En la estación de autobuses de Cádiz nos estaba esperando el que iba a ser nuestro anfitrión durante los dos próximos días: Manuel María, al que todo el mundo llamaba Malili. Malili, dentista de profesión, era en realidad amigo de mi hermana. Yo había aprovechado una estancia de Malili en Barcelona meses atrás para hacerme el encontradizo y posibilitar que a mí también me invitase a pasar unos días en la casa que tenía cerca del faro de Trafalgar. 

He de decir que en cuanto puse un pie en Cádiz, o mejor dicho en cuanto empecé a notar el aire cálido y seco en la piel, en cuanto tuve la sensación de estar allí de verdad, supe que esos días iban a conllevar alguna clase de descubrimiento íntimo y personal. Aunque poco podría haber sospechado a esas alturas hasta qué punto acabarían resultando importantes para mí las cosas que viví durante aquellos dos días cerca del faro de Trafalgar; cuánto habría de reelaborar el recuerdo de aquella estancia en años venideros en busca de consuelo o de motivación.

Recorrimos en coche la bahía, hacia el sur, camino de un lugar que yo no estaba todavía en disposición de ubicar en el mapa. Pasamos por Chiclana y por Conil de la Frontera. Guiado por el afán del que he hablado antes, yo intentaba empaparme de la amplitud de las vistas y del aroma del océano que entraba por las ventanillas bajadas. Con la desvergüenza de mis veinte años, por lo demás, pretendía mantenerme a la altura del ingenio y de la simpatía de nuestro anfitrión; sin mucho éxito, confieso, pues en cuestión de minutos me vi obligado a rendirme al imbatible poder del sentido del humor gaditano. 

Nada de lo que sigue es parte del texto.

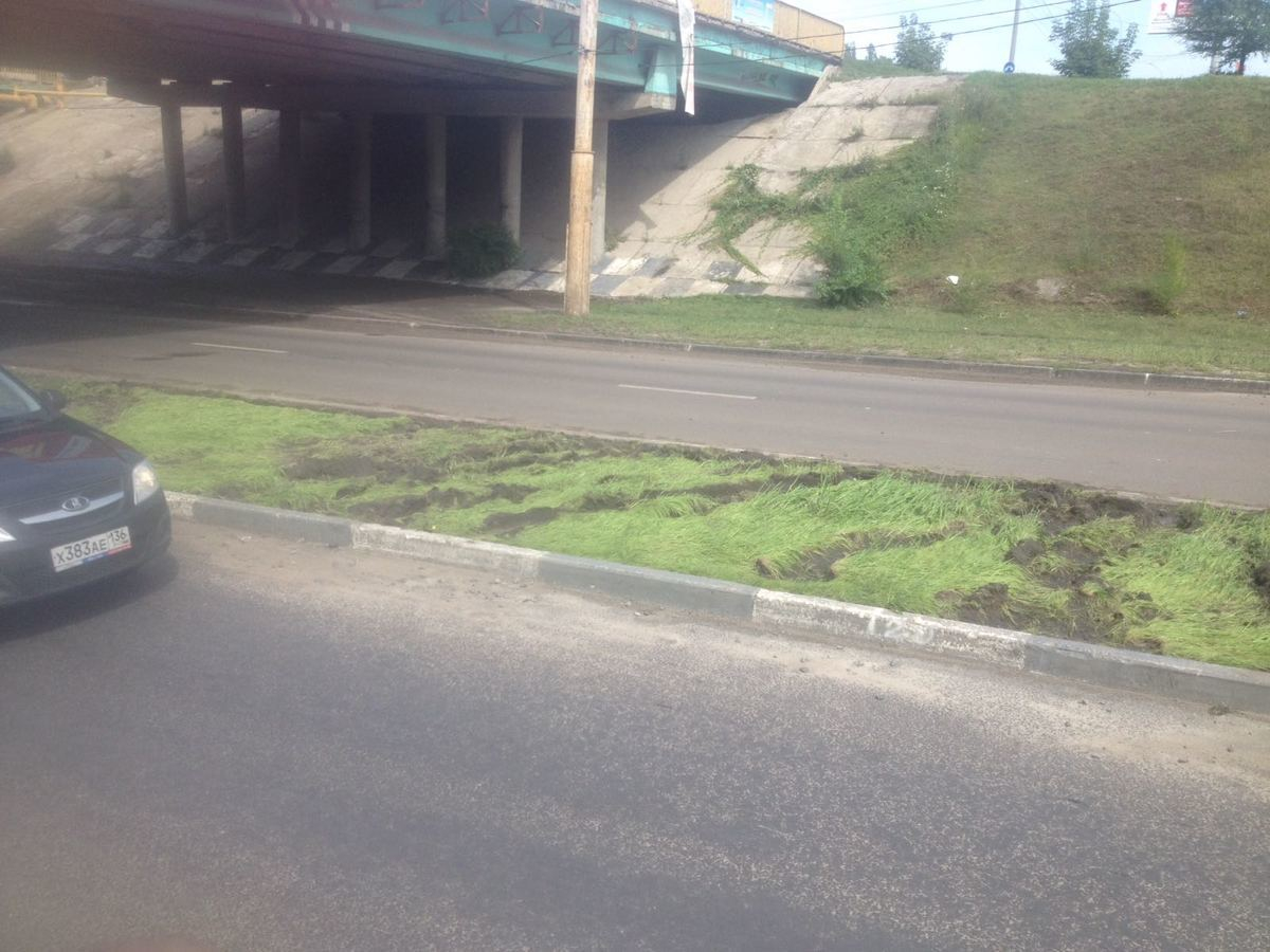 Ленивые водители изуродовали 200 метров газона в Воронеже
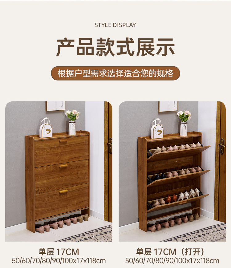 단단한 나무 울트라 얇은 신발 캐비닛 17cm 경제적 인 가정용 문 간단한 현대 저장 좁은 입장 전락 작은 신발 랙스토어 가기
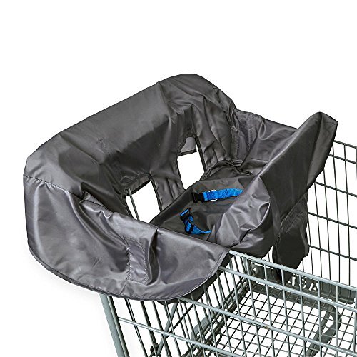 Full size shopping cart and high-chair cover;Leg-flaps to prevent pinching and fully cover seats;Hook and loop attachments so cover easily stays in place;2 sets of strap holes for compatibility with most shopping carts and high chairs;Convenient, attached travel pouch
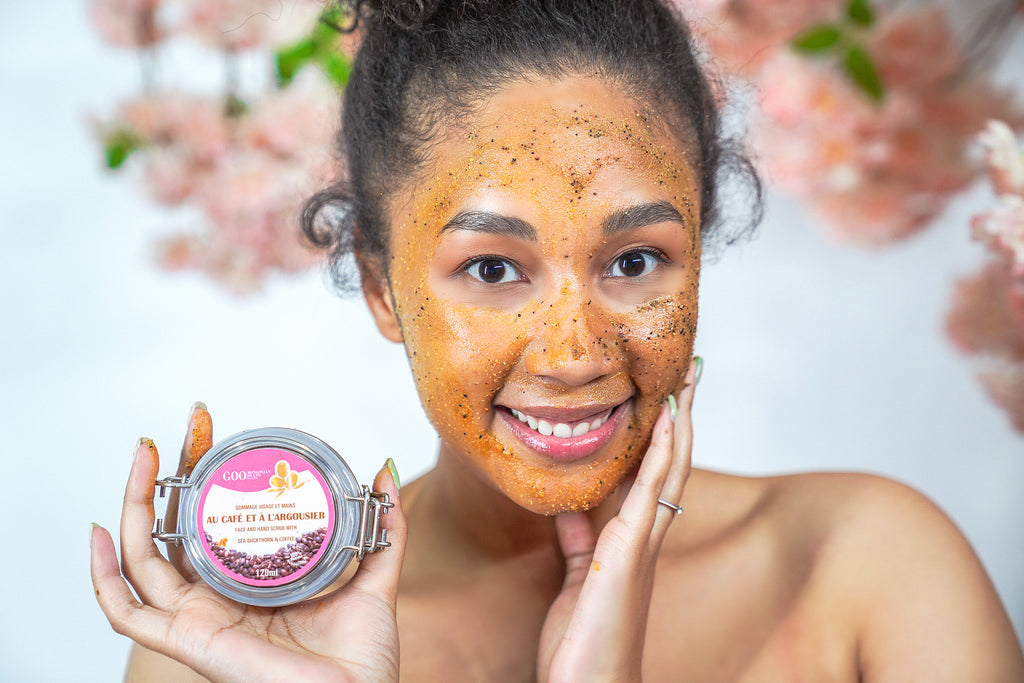 GOMMAGE VISAGE ET MAINS AU CAFÉ ET À L'ARGOUSIER

Durante ese desplazamiento, Malili no dejó de repetir una suerte de mantra que poco a poco, durante las siguientes horas, fue calando en mi manera de percibir ayudándome a ponerme en situación: «Aquí todo va a otro ritmo. Nada que ver con cómo hacéis las cosas en el norte». Nunca había pensado en mí mismo como un habitante del «norte», fuera eso lo que fuese, pero acepté sin rechistar la rotundidad de aquella sentencia.

Cuando estábamos ya cerca de Caños de Meca apareció ante nosotros una especie de cerro o colina boscosa que parecía surgida de la nada. En aquella zona eminentemente llana y más bien arenosa, casi un recordatorio del desierto que se extendía al otro lado del Estrecho, aquel montículo cubierto de pinos, de un verde radiante, llamaba poderosamente la atención. «Es la Cañada del Álamo», nos dijo Malili. «La casa está ahí arriba, en lo alto de ese cerro, que pertenece al Parque natural de La Breña.» 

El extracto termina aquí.